Start of The data

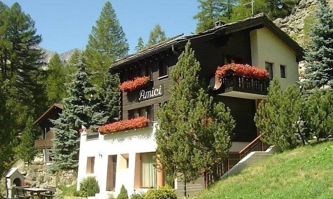 36 m2. More information by the provider: The house Amici is located in a quiet and sunny area off Main Street. Nice lawn with barbecue grill. Nice view of the Mischabel mountains chain. Private parking space.
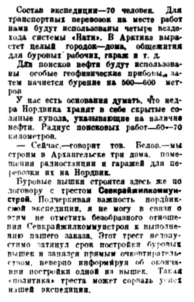 На Нордвике велись буровые работы. Поиски нефти для судов великого Северного морского пути составляли основную задачу, возложенную на большую группу рабочих и буровых мастеров. В ноябре 1934 года начальник буровых работ Полуянов закончил сооружение первой вышки.
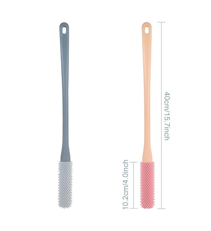 Silicone soft brush: The long handle foot scrubber brush head was Silicone,is safe and tasteless Materials.handle is made of plastic, it is durable and strong,antiskid, waterproof, moisture-proof.The long handle and soft Silicone make it the perfect tool for cleaning your feet and toe.

End of The data

Nothing but the pictures should be left out when the material above is copied.

 36 m2. More information by the provider: The house Amici is located in a quiet and sunny area off Main Street. Nice lawn with barbecue grill. Nice view of the Mischabel mountains chain. Private parking space.
 На Нордвике велись буровые работы. Поиски нефти для судов великого Северного морского пути составляли основную задачу, возложенную на большую группу рабочих и буровых мастеров. В ноябре 1934 года начальник буровых работ Полуянов закончил сооружение первой вышки.
 Silicone soft brush: The long handle foot scrubber brush head was Silicone,is safe and tasteless Materials.handle is made of plastic, it is durable and strong,antiskid, waterproof, moisture-proof.The long handle and soft Silicone make it the perfect tool for cleaning your feet and toe.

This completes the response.